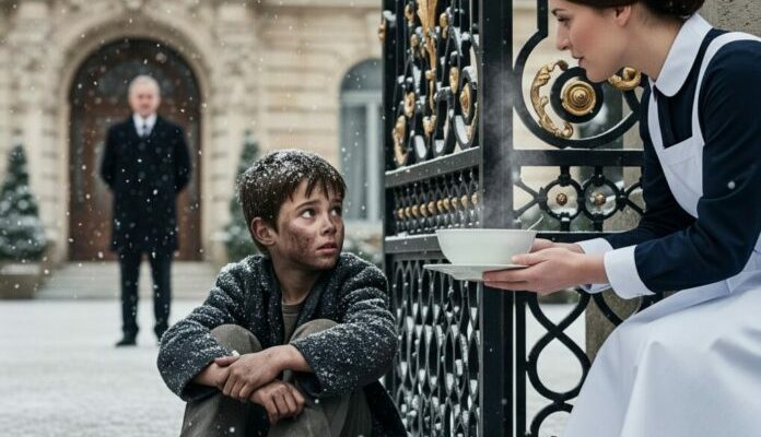 It was one of those gray afternoons when the sky looked heavy enough to fall. Claire Bennett, maid of the sprawling Harrington estate in Boston, was sweeping the marble steps when she noticed a small figure standing by the wrought-iron gate.
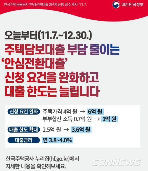 [sbn뉴스-서해신문·서해방송] 11월 7일부터 12월 30일까지 ‘안심전환대출’ 신청 요건을 완화하고 대출 한도는 늘립니다.
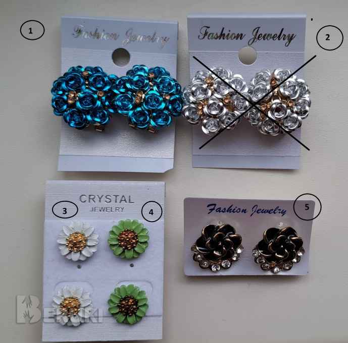 Серьги разные, новые, №1-15руб, №5-10руб, №3,4(гвоздики)-по 8руб. Вышлю Белпочтой наложенным или по предоплате.
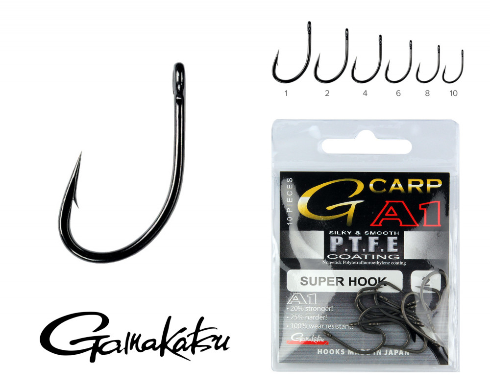 Gamakatsu A1 Teflon Super Hook Nero 6 10pz/confezione Amo da boilies con occhiello e ardiglione
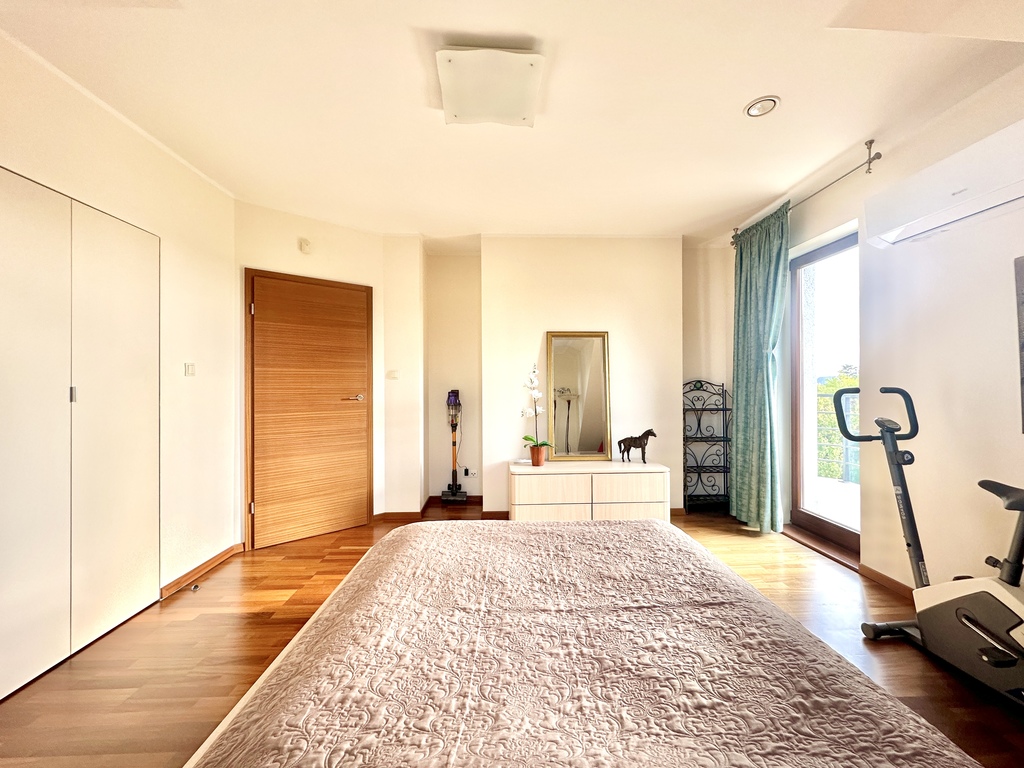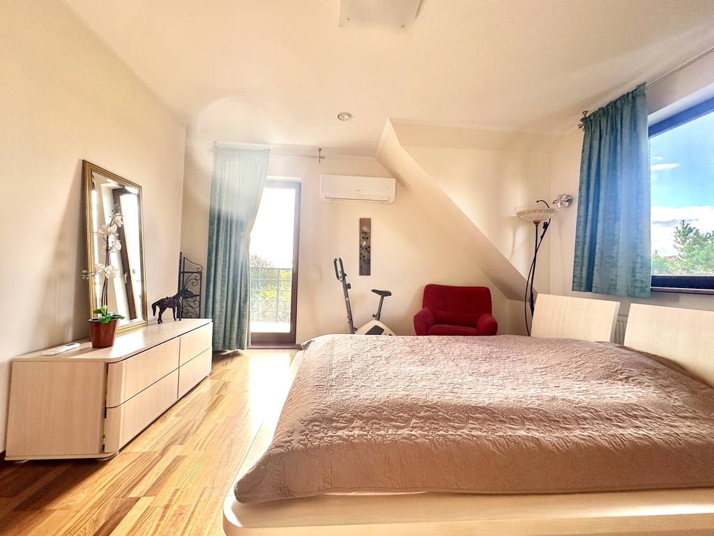 • sypialnia główna z garderobą i balkonem z widokiem na tereny zielone,
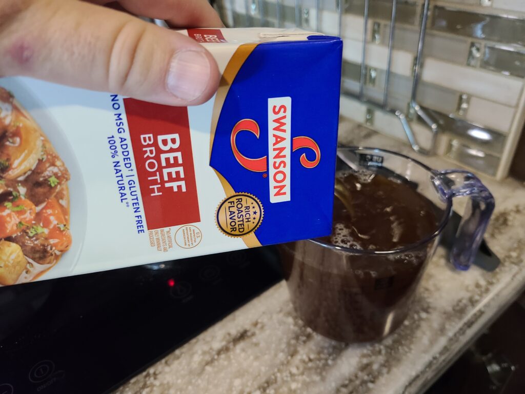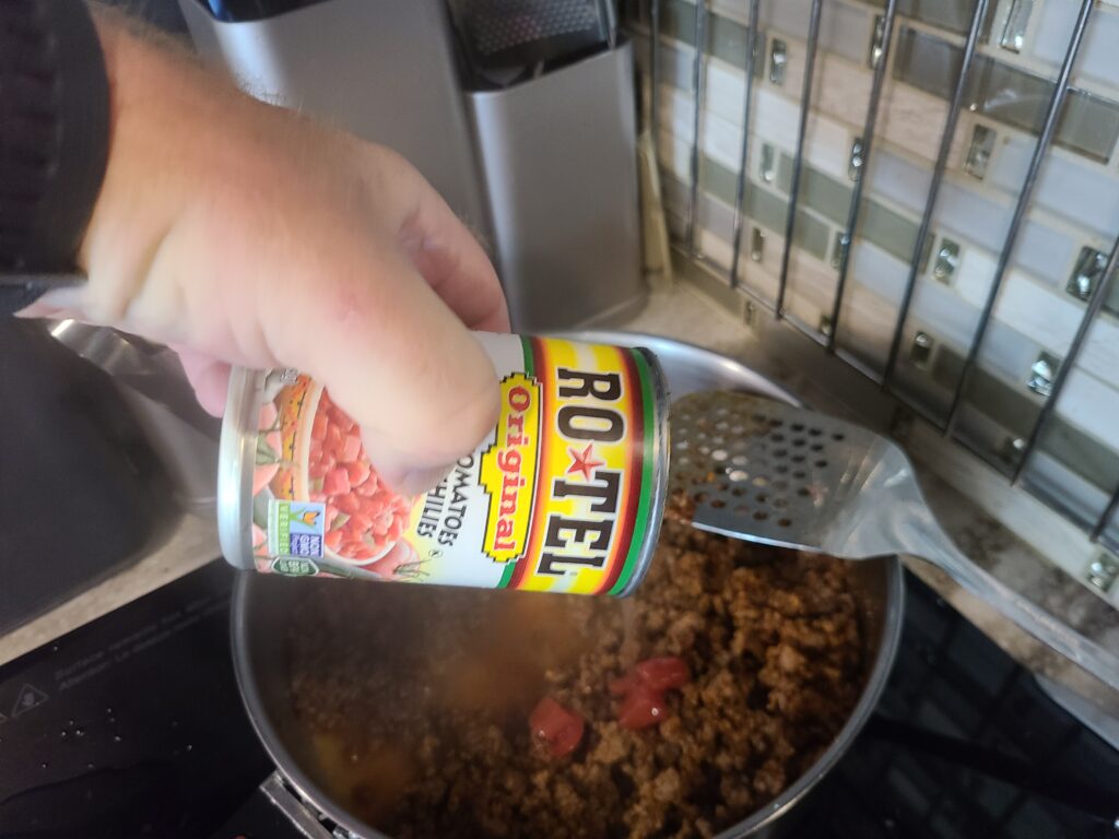- Stir in taco seasoning, Rotel, beef broth, and macaroni.
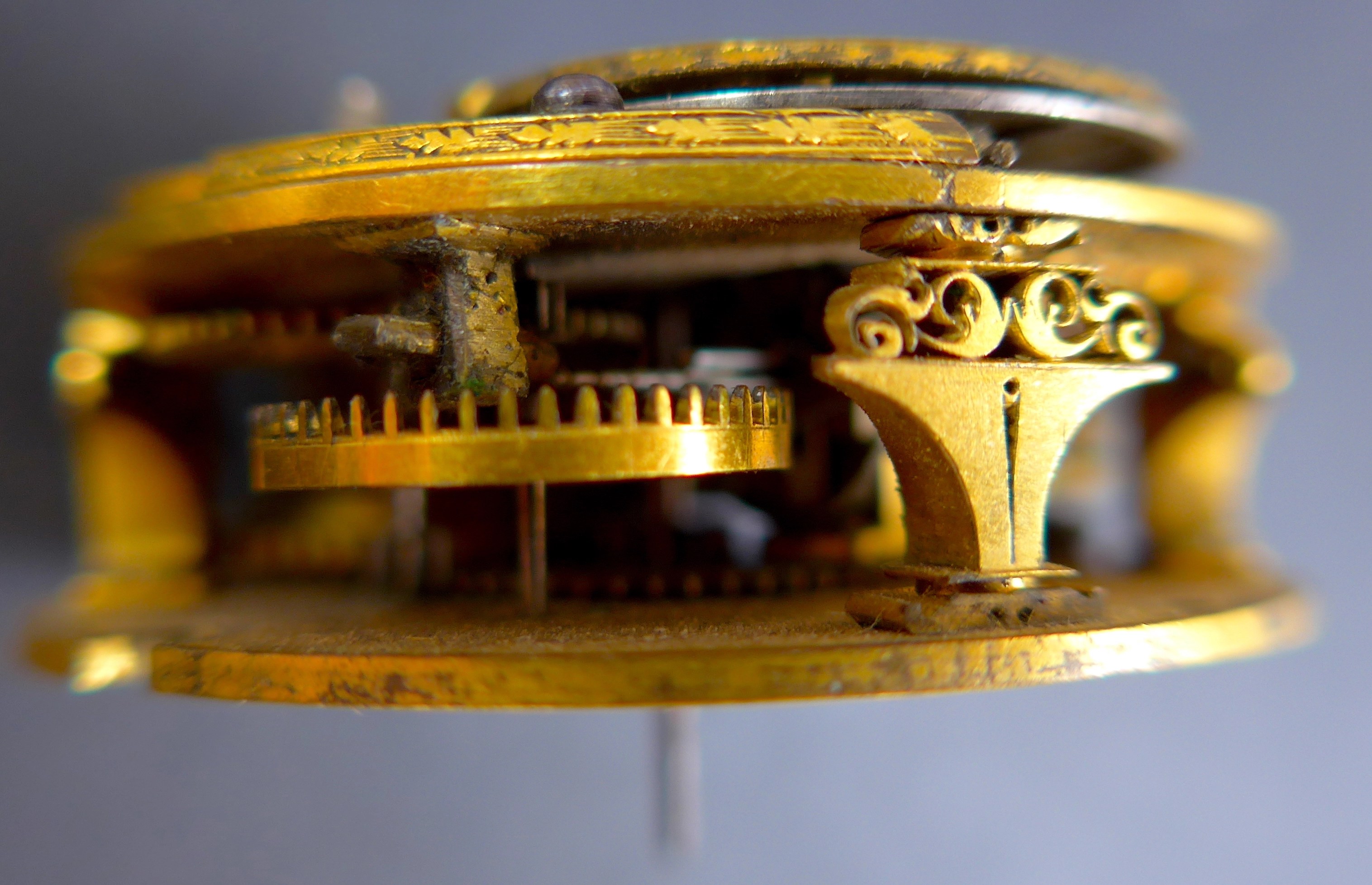 Description: Gilt brass, verge fusee movement (dial plate 41.2mm, 10.0mm between plates) with Tompion regulator, slightly angled D-shaped cock. Featuring tulip pillars, lacking, motion work, dial and hands.
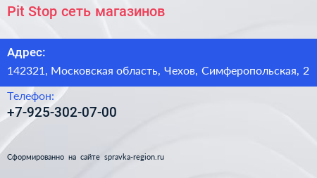 Pit-Stop, сеть магазинов по адресу 142321, Московская область, Чехов, Симферопольская, 2 в дальнейшем Организация, размещена в следующих категориях:
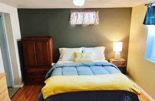 This fully furnished studio basement unit is the perfect place to escape from the hustle and bustle of daily life. The unit has a comfortable queen-sized bed, and a nice living room area providing plenty of space for you to spread out and relax. The fully stocked kitchen ensures you can whip up meals quickly and efficiently, or you can order take-out and enjoy it in the serenity of the fenced-in backyard. Unwind from the day with a favorite book or TV show in the comfort of your very own space away from home. Perfect for travelers and business professionals alike.
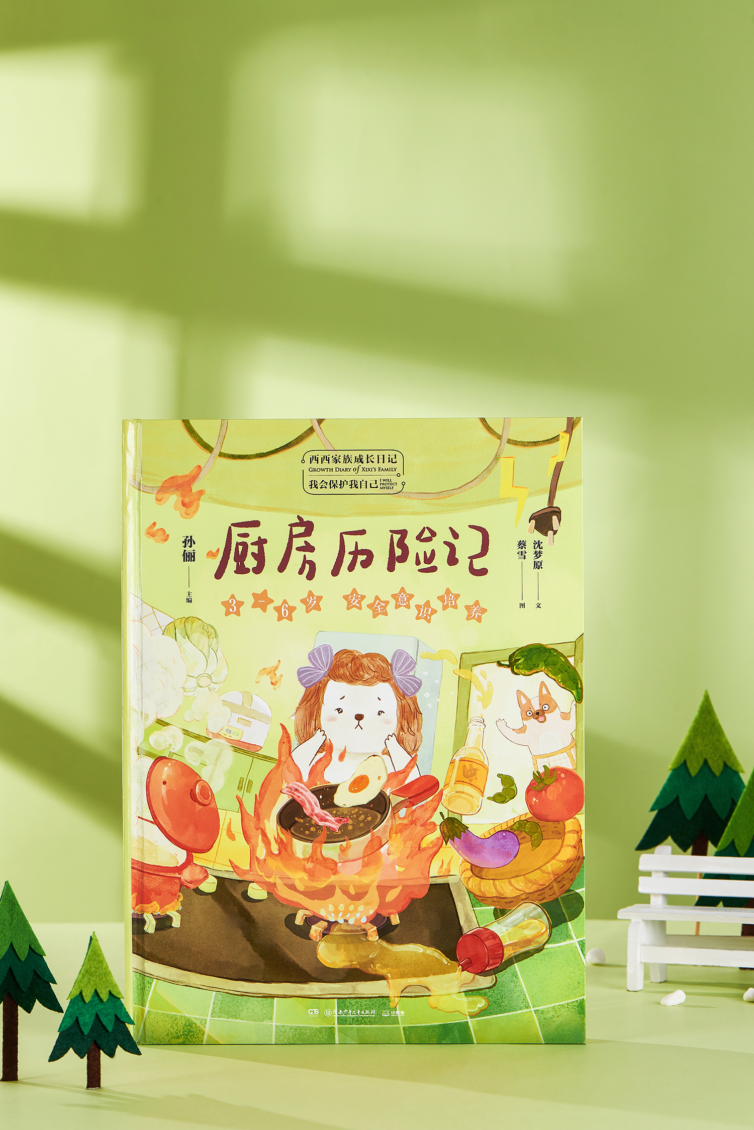 在《厨房历险记》里,孩子们也可以从五妹绵绵西私闯厨房差点引发火灾的故事里,发现厨房中隐藏的危险,懂得不能在没有家长陪同下任意开火、把厨具当玩具的道理;
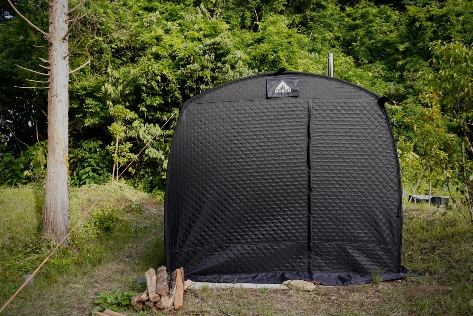 静かな森の中に設置されたサウナは、鳥のさえずりや木々のざわめきを感じながらリラックスできる贅沢な空間です。
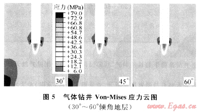 橫向比較分析不同傾角地層氣體鉆井和鉆井液鉆井的Von-Mises應(yīng)力變化趨勢,由圖3、圖4、圖5、圖6綜合分析可見:氣體鉆井井壁巖石在井底附近出現(xiàn)應(yīng)力集中,比鉆井液鉆井井壁巖石應(yīng)力值大,而且等值應(yīng)力分布面積更大,氣體鉆井比鉆井液鉆井更容易出現(xiàn)井壁不穩(wěn)定現(xiàn)象。氣體鉆井井底巖石相同等值線應(yīng)力區(qū)域面積較鉆井液鉆井應(yīng)力區(qū)域更深,巖石破壞范圍要大于鉆井液鉆井的破壞范圍,大大提高了破壞巖石效率和鉆井速度。在相同條件下,如果井眼軌跡發(fā)生偏斜,由于氣體鉆井具有較好的破巖效率,產(chǎn)生井斜可能性和幅度都更大。
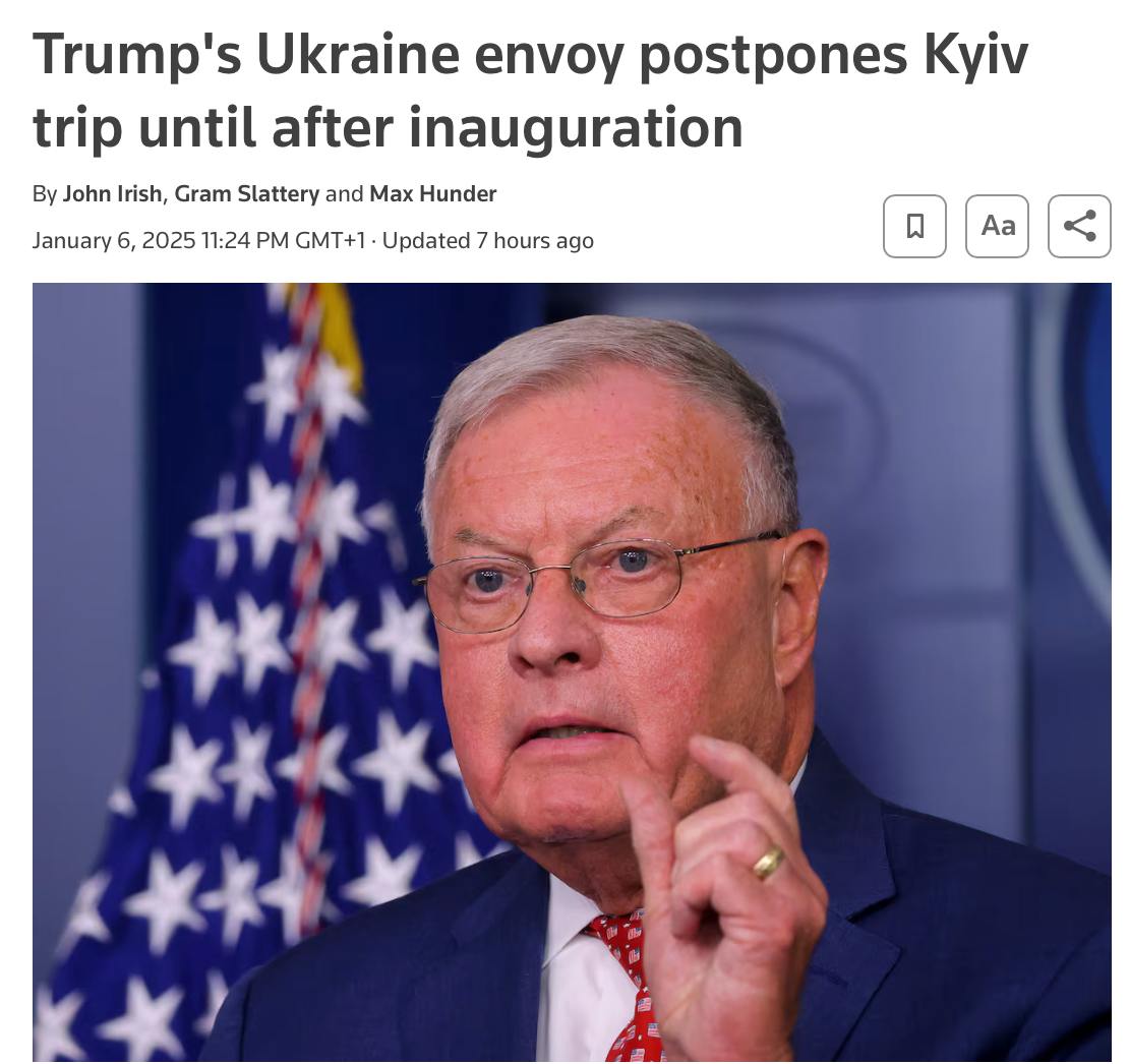 7.50 Представитель Трампа по Украине Кит Келлог отложил поездку в Киев, которая должна была состояться в начале января.
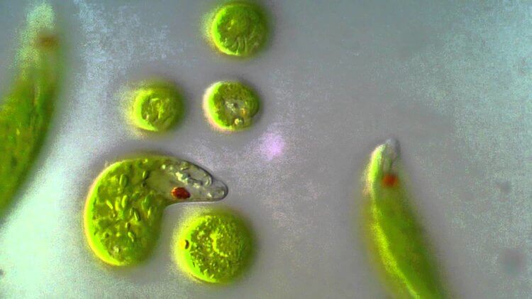 Эвглена зеленая под микроскопом
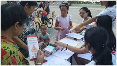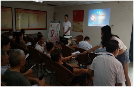 此次三下乡活动,我们以防艾禁毒知识讲座、填写问卷调查、发放知识手册和播放禁毒防艾电影四个模块来开展,内容丰富、形式多样。队员们精心筹备讲座,对如何预防艾滋和毒品进行了宣讲,得到了社区居民的一致好评。在社区广场上,队员们对各个年龄段的社区居民们进行了随机的问卷抽样调查,热情的居民们都十分配合,“老员工的问卷调查啊,我们一定配合。”同时我们精心制作的宣传手册也吸引了很多社区居民的注意,人们纷纷凑到摆台处提出他们的疑惑,队员们也耐心地一一回答。傍晚时分,夜幕降临,队员们在社区广场上播放禁毒防艾的电影“最爱”,许多乘凉散步的居民都驻步观赏,直至电影结束之后,不少居民才依依不舍的离去。可以说,此次活动取得了圆满的成功。
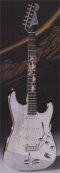 | Remarks: Designed and built by Mike Ponce. This beautiful Stratocaster has a diamond plate pickguard and headstock overlay with lug-nut strap locks. At the twelfth fret marker there's an inlay of stainless steel of two stylized women. | ||

================================

Your answer should hold only the lines from the one with "7.50 Представитель Трампа" through the final line of the listing above, transcribed exactly and without pictures.

 7.50 Представитель Трампа по Украине Кит Келлог отложил поездку в Киев, которая должна была состояться в начале января.
 Эвглена зеленая под микроскопом
 此次三下乡活动,我们以防艾禁毒知识讲座、填写问卷调查、发放知识手册和播放禁毒防艾电影四个模块来开展,内容丰富、形式多样。队员们精心筹备讲座,对如何预防艾滋和毒品进行了宣讲,得到了社区居民的一致好评。在社区广场上,队员们对各个年龄段的社区居民们进行了随机的问卷抽样调查,热情的居民们都十分配合,“老员工的问卷调查啊,我们一定配合。”同时我们精心制作的宣传手册也吸引了很多社区居民的注意,人们纷纷凑到摆台处提出他们的疑惑,队员们也耐心地一一回答。傍晚时分,夜幕降临,队员们在社区广场上播放禁毒防艾的电影“最爱”,许多乘凉散步的居民都驻步观赏,直至电影结束之后,不少居民才依依不舍的离去。可以说,此次活动取得了圆满的成功。
 | Remarks: Designed and built by Mike Ponce. This beautiful Stratocaster has a diamond plate pickguard and headstock overlay with lug-nut strap locks. At the twelfth fret marker there's an inlay of stainless steel of two stylized women. | ||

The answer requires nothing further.